Records from a data collection
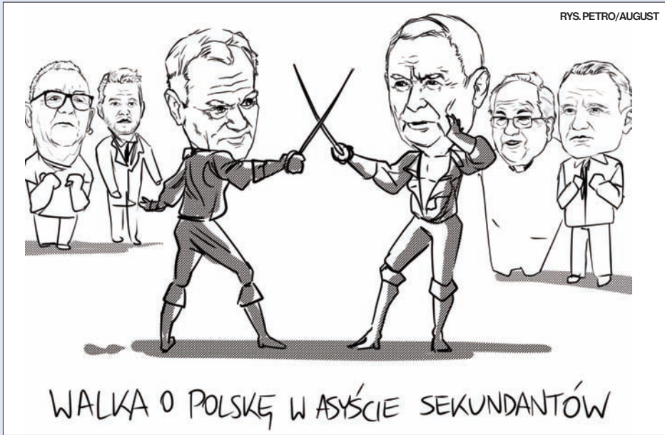
WALKA O POLSKĘ W ASYŚCIE SEKUNDANTÓW

Po setkach lat wspólnego bytowania na terenach zwanych przez nas kresami, po okresie na pół niewolniczych upokorzeń Kozaków, po wojnie o Lwów w 1918, po zdegradowaniu Ukraińców do roli uboższego krewnego w międzywojniu i po tragedii, jaką był ukraiński krwawy rewans na Polakach podczas drugiej wojny światowej (rzeź wołyńska!) – chcieliśmy uwierzyć niedawno w pojednanie obu narodów. A tu masz babo plack! Morawiecki rzucił brutalnie w twarz Ukraińcom, żeby się gonili ze swoim zbożem i nie liczyli już na dosyłanie polskiej broni. Dopiero dyplomatyczna reakcja wielu krajów przywołała obóz kaczystowski w Polsce z Morawieckim an der Spitze – do porządku. I w końcu zaproponowano Ukrainie eksport przez Polskę – z wykluczeniem sprzedaży zboża na naszym terytorium. Jakby takiej, dokładnie kontrolowanej formuły nie mógł polski rząd realizować wcześniej, miast tego pozwalając różnym
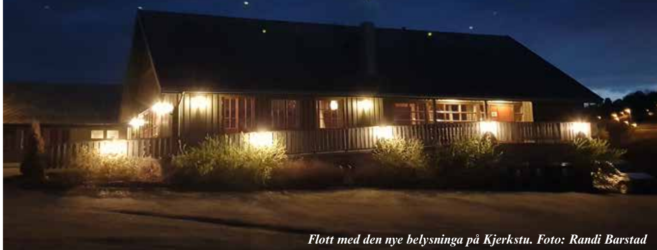
Flott med den nye belysninga på Kjerkstu.

Basaren til inntekt for Kjerkstu på Sakshaug gjennomføres på Kjerkstu fredag 12. oktober fra kl. 18.00 og lørdag 13. oktober fra kl. 11.00–15.00. Dette er den 30. basaren i rekka og dermed en lang og god tradisjon. Det blir populære, heimelaga varer å få kjøpe, ulike utlodninger og salg av kaffe og mat. Lørdag blir det også anledning til å få kjøpt rømmegrøt med tilbehør.
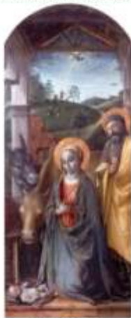
Angelo Scola CARдинаLE ARCIVESCOVO DI MILANO

Con l'aiuto di don Andrea e delle sempre generose suore della nostra parrocchia, potremo raggiungere più famiglie, magari privilegiando quelle che non abbiamo potuto incontrare lo scorso anno.
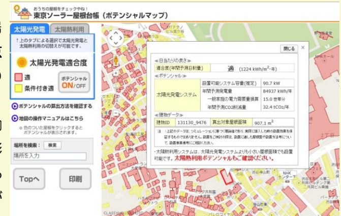
(TOKYO太陽エネルギーポータルサイト)

航空測量データを用いて実際の建物を 3 次元で解析し、建物ごとに予測される日射量、屋根の傾斜や近隣の建物等の影の影響を考慮し、設置可能システム容量や予測発電量等を表示するそうです。同様のシステムが全国に普及し、太陽光発電導入が進むといいですね。
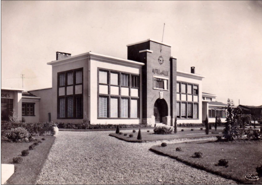
Réf. 11 Grenade sur Garonne l'hôtel de ville Editions Combiar Macon

Aujourd'hui les bains douches sont devenus des bureaux, la salle de cinéma est toujours en activité et le jardin a été réaménagé.

• [AIM OF THE EXERCISE]:
Show each line in the data where the string "Kjerkstu" appears.

• [RESULT OF THIS TASK]:
Flott med den nye belysninga på Kjerkstu.
Basaren til inntekt for Kjerkstu på Sakshaug gjennomføres på Kjerkstu fredag 12. oktober fra kl. 18.00 og lørdag 13. oktober fra kl. 11.00–15.00. Dette er den 30. basaren i rekka og dermed en lang og god tradisjon. Det blir populære, heimelaga varer å få kjøpe, ulike utlodninger og salg av kaffe og mat. Lørdag blir det også anledning til å få kjøpt rømmegrøt med tilbehør.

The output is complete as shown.